## WHAT TO WORK ON
The expected result is an exact restatement of the data, free of pictures.

## INFORMATION SUPPLIED
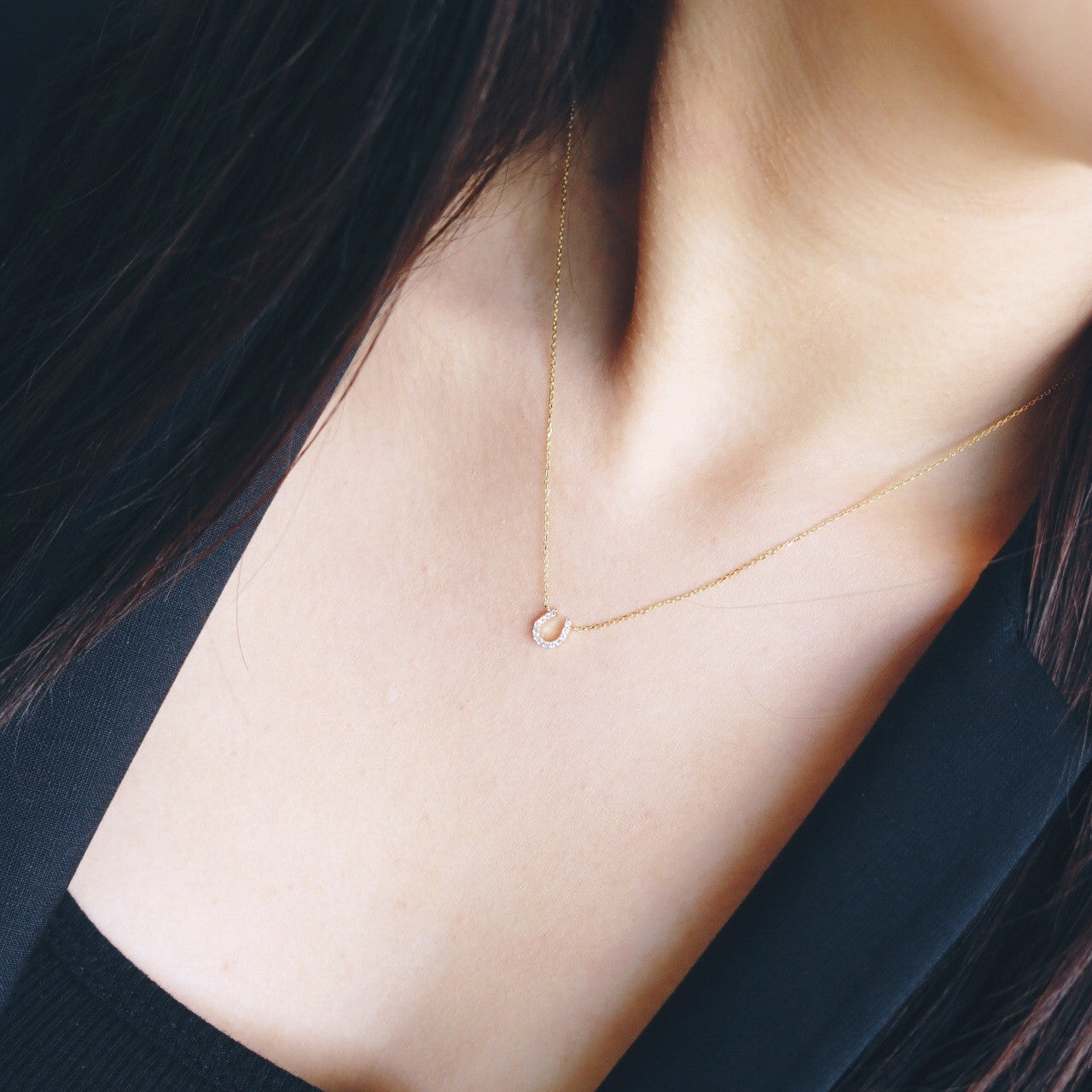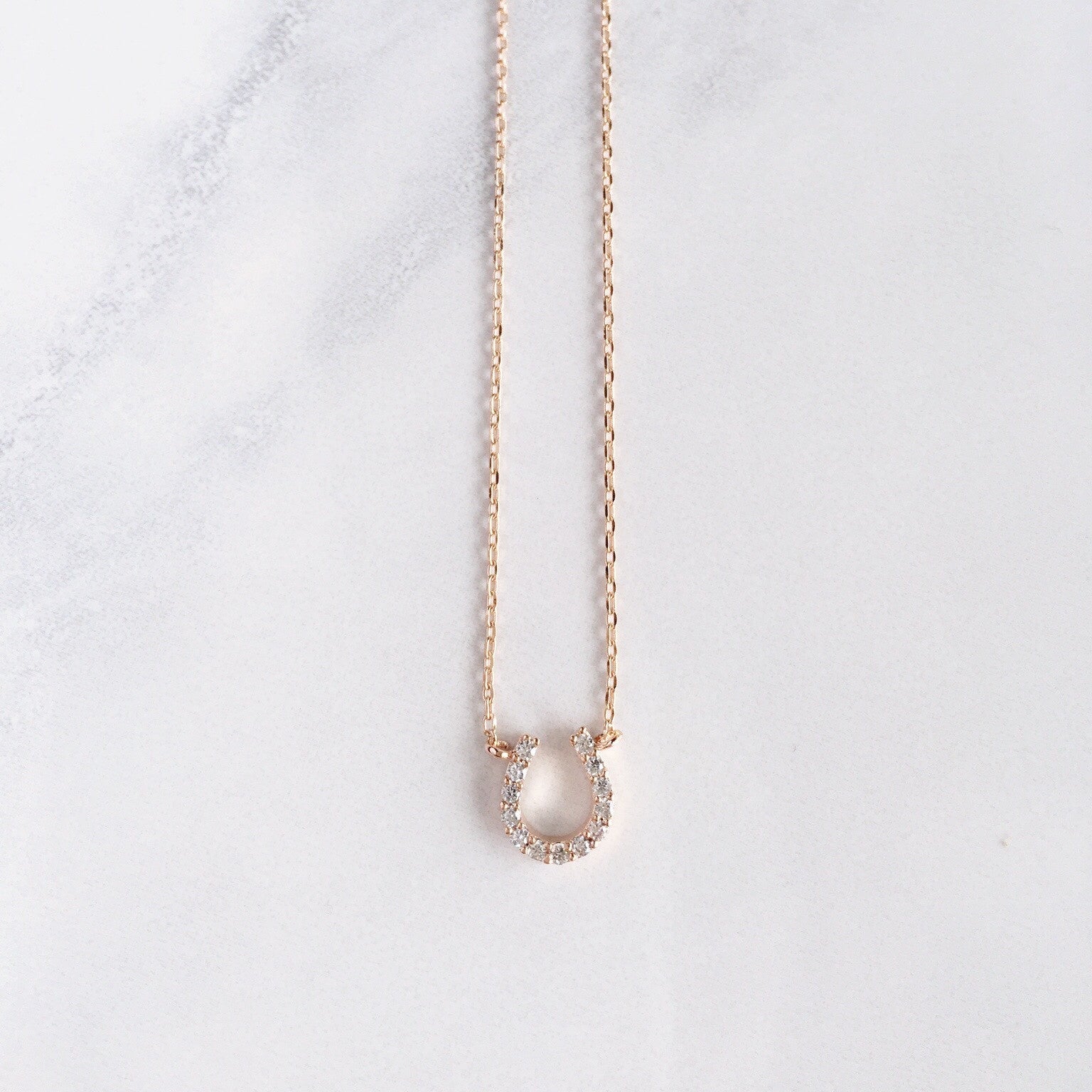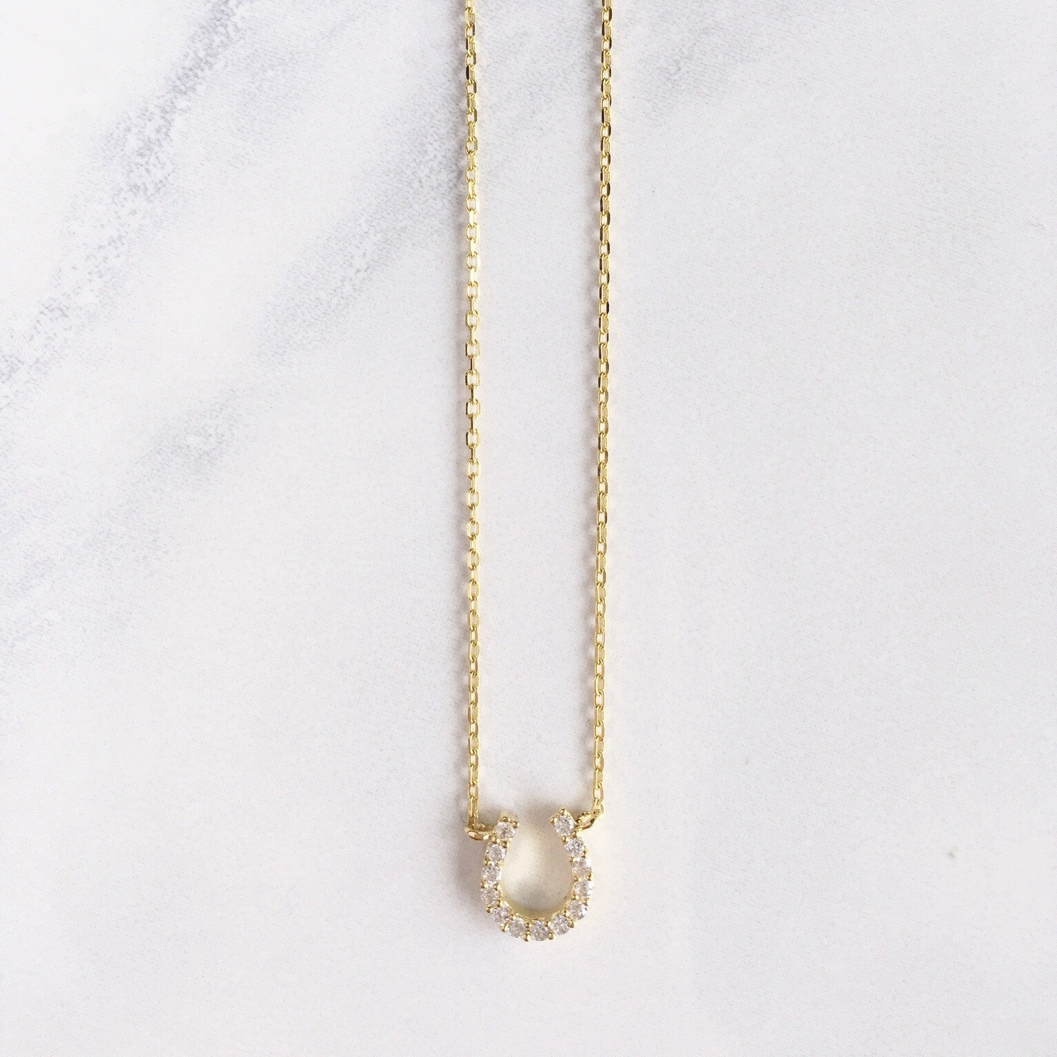 Crystal Encrusted Horseshoe Necklace. Representing good luck and good fortune, the Horseshoe pendant reminds you to be confident everyday you put it on. Made with high quality materials, this necklace is perfect for layering with other necklaces. All our necklaces also come with a small crystal pendant in the back so you sparkle from all sides!
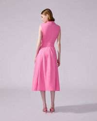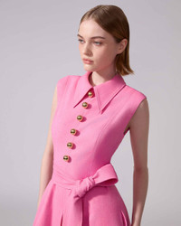 A classic point collar and decorative gold-tone buttons complement this sleeveless midi dress crafted from textured twill. Runway style Decorative gold-tone ball buttons Removable tie belt Side pockets Concealed zip closure at the back Lined SKU S2511N556CWL SIZE & FIT Fitted bodice with A-line midi skirt, removable belt Midweight cotton-blend twill Model is 178cm/ 5’10” and is wearing a US 2 Bust: 31" Waist: 23" Hips: 34" COMPOSITION & CARE 59% Viscose, 41% Cotton Washing Instructions Dry Clean Only Made in Italy
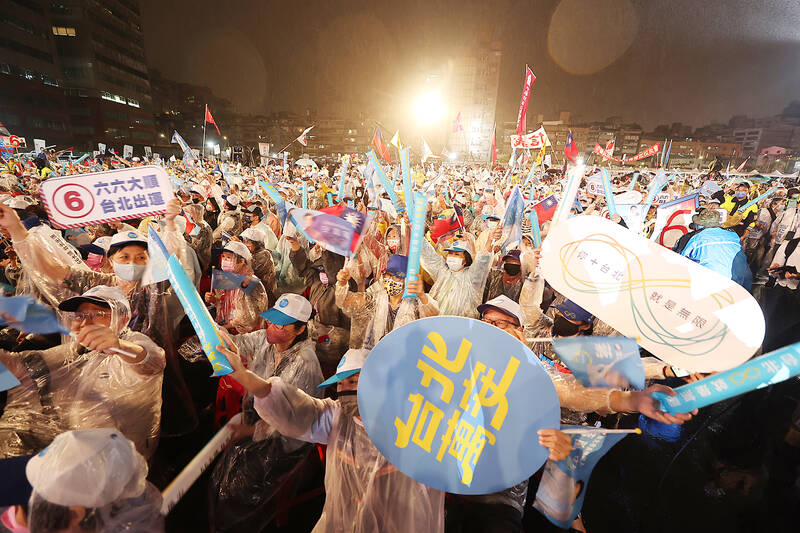 A rally for Legislator Chiang Wan-an (蔣萬安), the KMT’s candidate for Taipei mayor, at Taiwan Cement Corp’s Taipei plant was the biggest of the rallies, KMT Legislator Hung Meng-kai (洪孟楷) told a news conference in Taipei, adding that the party expected record-breaking attendance.

## EXPECTED ANSWER
 Crystal Encrusted Horseshoe Necklace. Representing good luck and good fortune, the Horseshoe pendant reminds you to be confident everyday you put it on. Made with high quality materials, this necklace is perfect for layering with other necklaces. All our necklaces also come with a small crystal pendant in the back so you sparkle from all sides!
 A classic point collar and decorative gold-tone buttons complement this sleeveless midi dress crafted from textured twill. Runway style Decorative gold-tone ball buttons Removable tie belt Side pockets Concealed zip closure at the back Lined SKU S2511N556CWL SIZE & FIT Fitted bodice with A-line midi skirt, removable belt Midweight cotton-blend twill Model is 178cm/ 5’10” and is wearing a US 2 Bust: 31" Waist: 23" Hips: 34" COMPOSITION & CARE 59% Viscose, 41% Cotton Washing Instructions Dry Clean Only Made in Italy
 A rally for Legislator Chiang Wan-an (蔣萬安), the KMT’s candidate for Taipei mayor, at Taiwan Cement Corp’s Taipei plant was the biggest of the rallies, KMT Legislator Hung Meng-kai (洪孟楷) told a news conference in Taipei, adding that the party expected record-breaking attendance.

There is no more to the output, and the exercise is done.